When I started pondering the effects of violence in media for this article, the headlines were filled with the story of two 12-year-old girls who stabbed their friend nineteen times. They had planned together to kill their friend after reading horror stories on the internet. This event ignited discussion about the impact of violent media on children. The debate got pretty heated with people tossing about statistics on either side.
It’s very easy to blame TV, music, video games, movies, or the internet when it comes to tragic situations like this. Plenty of studies do seem to support the idea that violence in media results in violent and aggressive behavior in children. While it’s true that what we watch, listen to, and read has an effect on us, it’s only once piece of the puzzle. After all, Cain killed his brother, Abel, long before Grand Theft Auto became a best-selling video game.
All of us are selfish, sinful human beings with the capacity to do terrible things. Simply avoiding violent media is not going to change that. The real issue, is a heart issue. Of course, that does not mean that we should just let our children watch whatever they like on TV!
When our children are young, it’s pretty easy to control the kinds of media they consume. I doubt that Veggie Tales and Sesame Street are likely to spark any particularly violent behavior in children! It does get a lot harder as our kids grow up though. By the time they hit middle school, they are spending more time with friends and they aren’t always visiting homes with the same media guidelines as their own home. What’s a parent to do?
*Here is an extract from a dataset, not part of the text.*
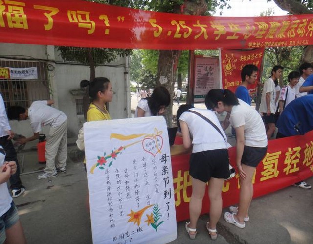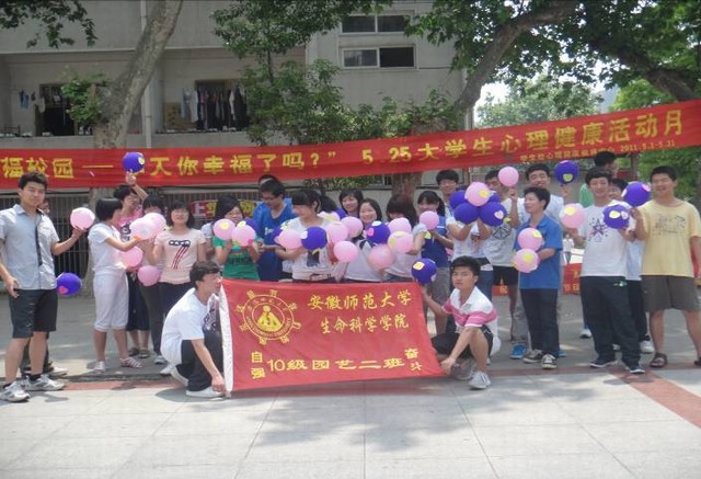 5月7日,2010级园艺专业在校食堂门口积极组织并开展了以“祝福轻轻送母亲”为主题的“放飞氢气球、祝福母亲节”系列活动。

Now is the time to help your child learn to make wise choices about the media they choose to spend their time on. Here are a few things to ponder when deciding what media we will take part in, no matter what age we are!
Context is everything.
Every good story has some kind of conflict that must be overcome. Sometimes that means that violence is a part of the story. History, the Bible included, is rife with examples of violent behavior. We don’t simply skip over large sections of history simply because of that. In the same way, we do not necessarily discard an entire book or movie because it contains violence. Naturally, a brave knight will have to fight a battle or two, but a true hero never goes looking for an excuse to start one.
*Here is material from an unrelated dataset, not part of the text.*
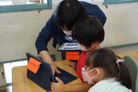 今日は、ICTサポーターさん(毎週、木曜日に来校)に支援してもらいながら、タブレットの操作を学習しました。画面が変わると、「わあ!すごい!」「あ!変わった!」などの歓声があがりました。
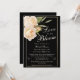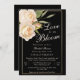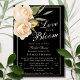 L'amour est dans Bloom White Roses sur Black Bridal Shower Invitation - Une belle, unique, élégante et moderne invitation à la douche nuptiale. Doté d'un bouquet de roses blanches contre un arrière - plan noir élégant avec un cadre en faux or. Combinant calligraphie de script et police de blocs élégante, cette invitation à la douche nuptiale chic exhale le raffinement et l'élégance intemporelle. Donnez le ton pour un moment inoubliable avec des amis et de la famille qui se nourrissent de la future mariée. Modifiez ce modèle d'invitation de douche nuptiale avec vos propres détails d'événement. Pour faciliter la consultation de votre registre de mariages, ajoutez le code QR à l'arrière. Également disponible en téléchargement numérique instantané, parfait pour envoyer par e-mail, texte ou médias sociaux.

What’s important is the context it’s put in. The question I ask myself is, “Does this glorify or excuse what is evil?”
Sometimes people do terrible things. The best media shows us the consequences of such actions, and leaves us with no doubt that those actions were wrong. Questionable media will tell us that “the ends justifies the means” in order to excuse violence. Even worse, is the kind of media that glorifies violent, sinful behavior and portrays it as acceptable and fun.
Is this having a negative effect on me?
All media has an effect on us, good or bad. It’s important for young people (and adults) to be mindful of that. Take note of your attitudes and actions after watching a movie, playing a video game, listening to music, or reading a book. Are you more irritable and less patient? Are you more aggressive when angered by someone? Are you beginning to excuse the kinds of behavior that you know are wrong?
Even as an adult, I’ve had to conclude that certain media was not having a positive effect on me and walk away. It’s important for kids, and especially teens to realize that when you become an adult, it doesn’t magically mean that you can take part in any media you like indiscriminately!
Certainly, children and adolescents don’t always see the negative effects of certain types of media, and that’s when parents have to step in and set boundaries for them. When that’s necessary, be sure to talk to them about why you’ve set particular guidelines. That can help them understand the process of making better media choices for themselves.
I think the best thing that we can do as parents is to talk to our kids. Discuss the latest movie they watched or book they read with them. Sit down with them when they play a video game and ask them to show you how to play. Listen to their favorite music with them. The fact that my mom had conversations like that with me when I was a teen, made me much more inclined to pay attention when she expressed her concerns about a particular movie or music!
Setting guideline for our kids is important, but even more important, is teaching them how to wisely set their own.